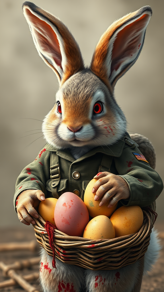 A highly detailed portrait of a cute male bunny warrior, walking with a basket full of colorful eggs, clad in a rugged World War II uniform. The bunny's soft, full fur is stained with red, contrasting starkly with his vivid red eyes that exude determination. He wields a protective stance over the basket, his fluffy exterior juxtaposed with the fierce blood stains marking his fur, telling tales of battles fought. His ears stand alert, and his expression is one of fierce guardianship, adding an element of valor to his adorable demeanor, as he patrols diligently to ensure the safety of the precious eggs.
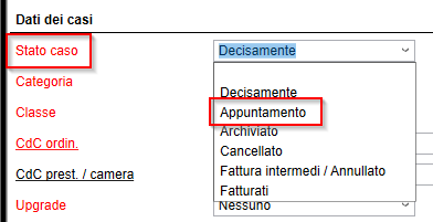 Bei einer Voranmeldung ist alles genau gleich wie bei einem sonstigen Fall, mit der Ausnahme, dass der Fallstatus nicht «Decisamente» sondern gesetzt «Appuntamento» wird.
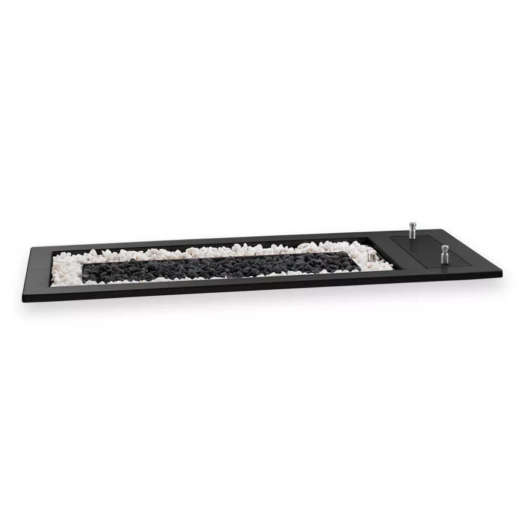 - Decorative Stones: Standard stone options include black ash in the burner, with a white stone surround. Large black coals and fire glass are also available as alternatives.
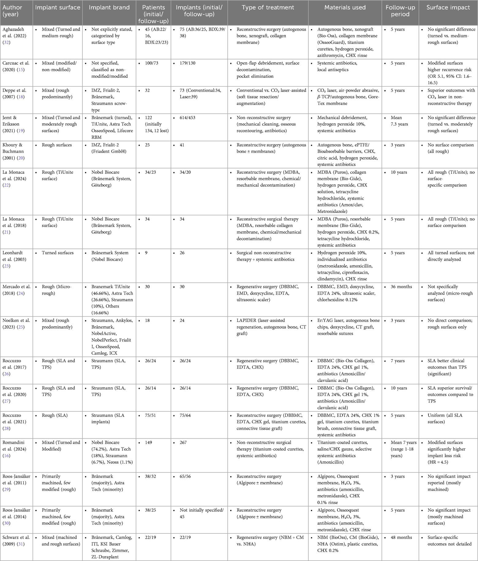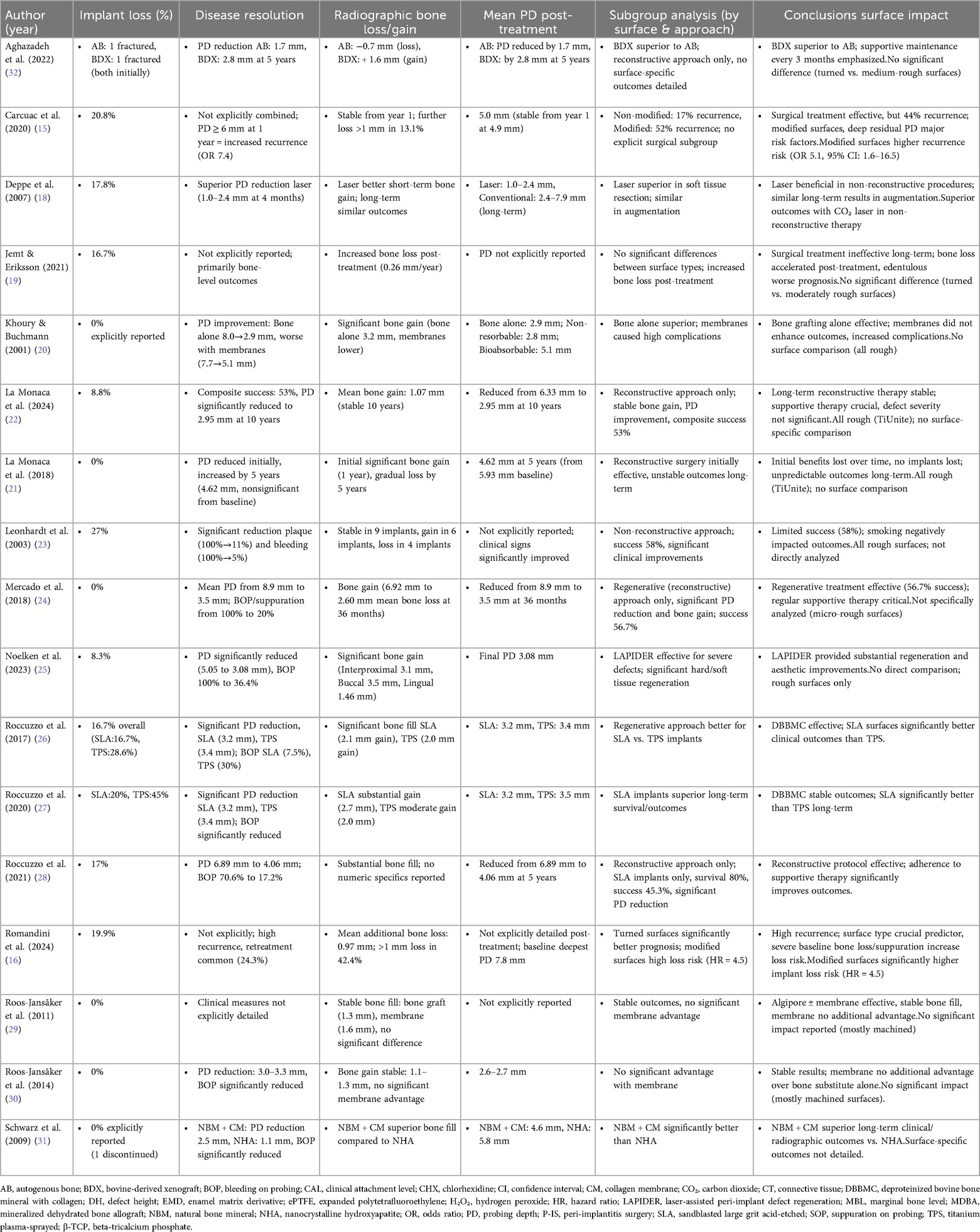 For regenerative approaches, implant surface also played a key role. SLA implants demonstrated favorable long-term bone gain and PD reduction (26–28), whereas TPS implants performed poorly even when grafting was applied (27). Although smooth implants were less frequently studied in regenerative contexts, available evidence suggests they may perform adequately when combined with supportive therapy (29, 30).
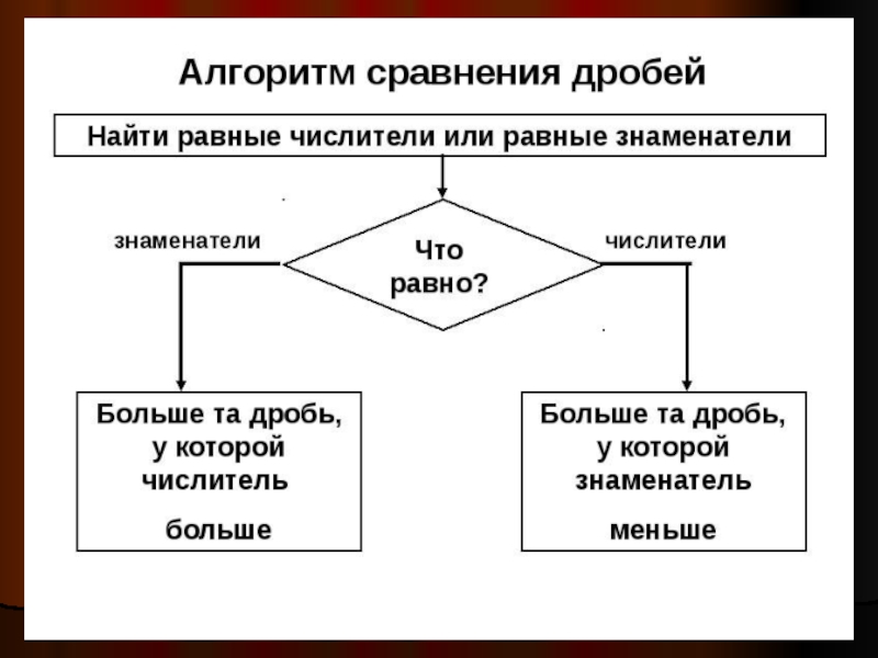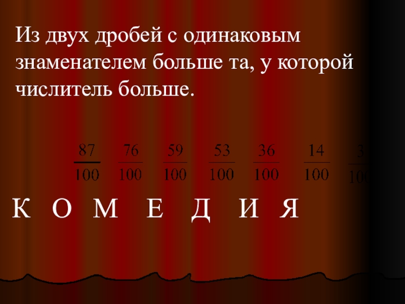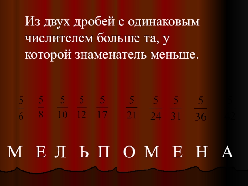 Слайд 9Из двух дробей с одинаковым числителем больше та, у которой знаменатель
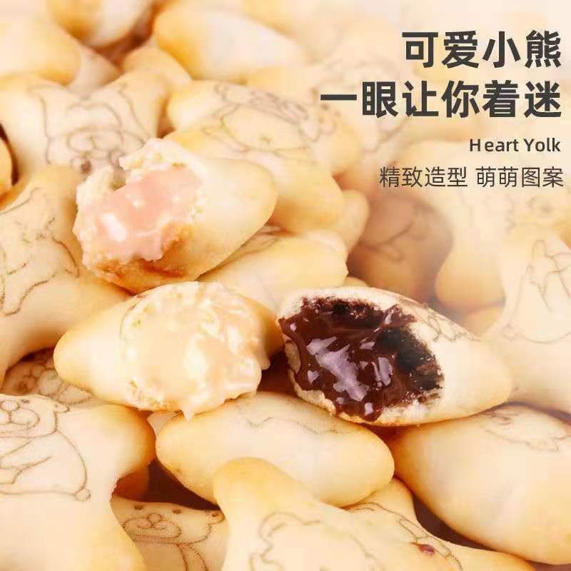 小熊注心饼干网红夹心巧克力饼干独立小包装儿童零食休闲食品整箱
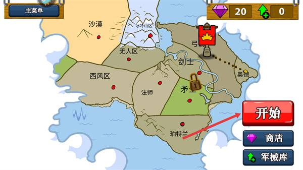 3、選擇難度后進入地圖界面,可見不同區域分布,當前僅弓手區域解鎖,其余區域處于鎖定狀態,點擊右側紅色開始按鈕,即可進入對應區域的戰斗關卡。
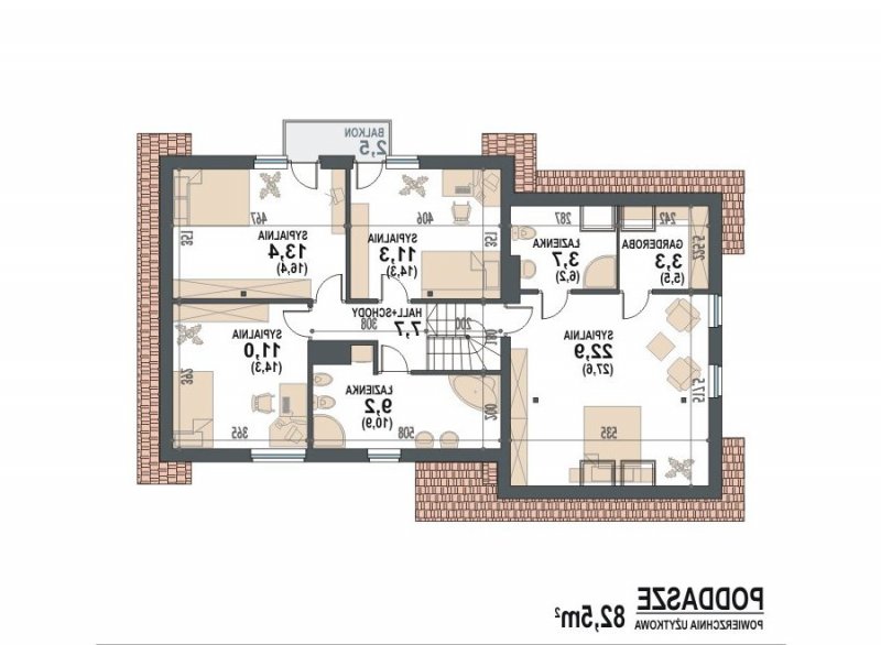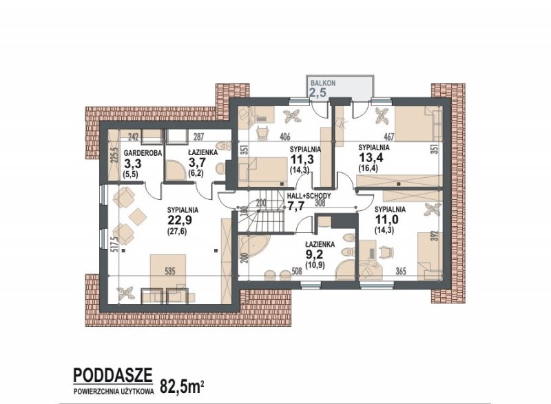 * na poddaszu użytkowym zaprojektowano 4 sypialnie oraz dwie łazienki w tym jedną dostępną z sypialni rodziców i garderobę
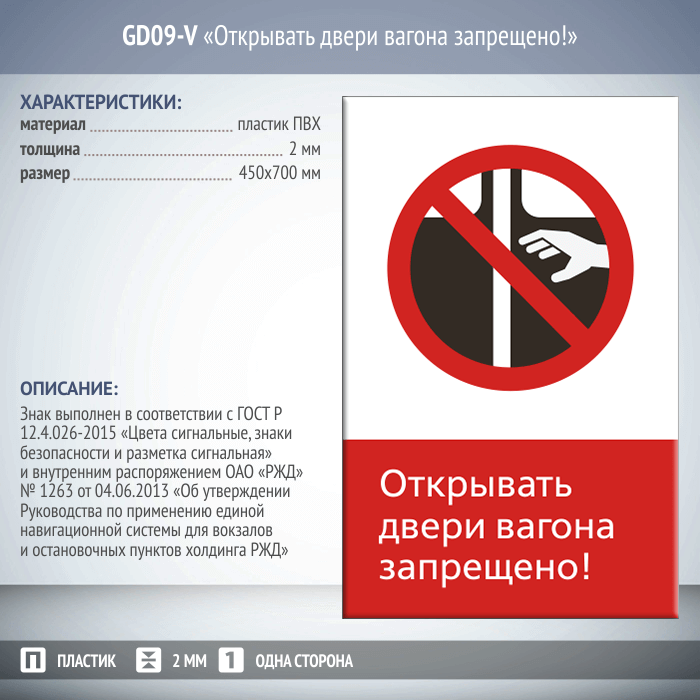 Знак безопасности «Открывать двери вагона запрещено!» выполняется в одностороннем (металл и пластик) и двустороннем (только металл) виде, на ПВХ-пластике, толщиной 2 мм или листе оцинкованного металла, толщиной 0,8 мм. Размеры знаков - 450 мм х 700 мм (вертикальная ориентация) либо 540 мм х 220 мм (горизонтальная ориентация). Знаки изготавливаются в полном соответствии с ГОСТ Р 12.4.026-2015 «Цвета сигнальные, знаки безопасности и разметка сигнальная» и внутренним распоряжением ОАО «РЖД» № 1263 от 04.06.2013 «Об утверждении Руководства по применению единой навигационной системы для вокзалов и остановочных пунктов холдинга РЖД». По желанию заказчика возможно использование светоотражающих материалов. Так же при необходимости производим закругление углов знака
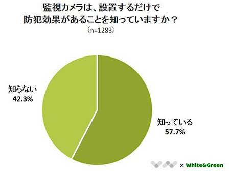 監視カメラの設置に防犯効果があることを知っているかどうか聞いたところ、42.3%が「知らない」と回答したという。最近では、画像解析技術や通信技術の向上によって、防犯カメラが街のさまざまな場所に設置されている。防犯カメラを取り付けることで犯罪件数が減少した事例が多数あり、防犯カメラを設置すること自体が犯罪抑止力になるとの見方がある。

#####

Restate all the material verbatim; omit every picture.

 A highly detailed portrait of a cute male bunny warrior, walking with a basket full of colorful eggs, clad in a rugged World War II uniform. The bunny's soft, full fur is stained with red, contrasting starkly with his vivid red eyes that exude determination. He wields a protective stance over the basket, his fluffy exterior juxtaposed with the fierce blood stains marking his fur, telling tales of battles fought. His ears stand alert, and his expression is one of fierce guardianship, adding an element of valor to his adorable demeanor, as he patrols diligently to ensure the safety of the precious eggs.
 Bei einer Voranmeldung ist alles genau gleich wie bei einem sonstigen Fall, mit der Ausnahme, dass der Fallstatus nicht «Decisamente» sondern gesetzt «Appuntamento» wird.
 - Decorative Stones: Standard stone options include black ash in the burner, with a white stone surround. Large black coals and fire glass are also available as alternatives.
 For regenerative approaches, implant surface also played a key role. SLA implants demonstrated favorable long-term bone gain and PD reduction (26–28), whereas TPS implants performed poorly even when grafting was applied (27). Although smooth implants were less frequently studied in regenerative contexts, available evidence suggests they may perform adequately when combined with supportive therapy (29, 30).
 Слайд 9Из двух дробей с одинаковым числителем больше та, у которой знаменатель
 小熊注心饼干网红夹心巧克力饼干独立小包装儿童零食休闲食品整箱
 3、選擇難度后進入地圖界面,可見不同區域分布,當前僅弓手區域解鎖,其余區域處于鎖定狀態,點擊右側紅色開始按鈕,即可進入對應區域的戰斗關卡。
 * na poddaszu użytkowym zaprojektowano 4 sypialnie oraz dwie łazienki w tym jedną dostępną z sypialni rodziców i garderobę
 Знак безопасности «Открывать двери вагона запрещено!» выполняется в одностороннем (металл и пластик) и двустороннем (только металл) виде, на ПВХ-пластике, толщиной 2 мм или листе оцинкованного металла, толщиной 0,8 мм. Размеры знаков - 450 мм х 700 мм (вертикальная ориентация) либо 540 мм х 220 мм (горизонтальная ориентация). Знаки изготавливаются в полном соответствии с ГОСТ Р 12.4.026-2015 «Цвета сигнальные, знаки безопасности и разметка сигнальная» и внутренним распоряжением ОАО «РЖД» № 1263 от 04.06.2013 «Об утверждении Руководства по применению единой навигационной системы для вокзалов и остановочных пунктов холдинга РЖД». По желанию заказчика возможно использование светоотражающих материалов. Так же при необходимости производим закругление углов знака
 監視カメラの設置に防犯効果があることを知っているかどうか聞いたところ、42.3%が「知らない」と回答したという。最近では、画像解析技術や通信技術の向上によって、防犯カメラが街のさまざまな場所に設置されている。防犯カメラを取り付けることで犯罪件数が減少した事例が多数あり、防犯カメラを設置すること自体が犯罪抑止力になるとの見方がある。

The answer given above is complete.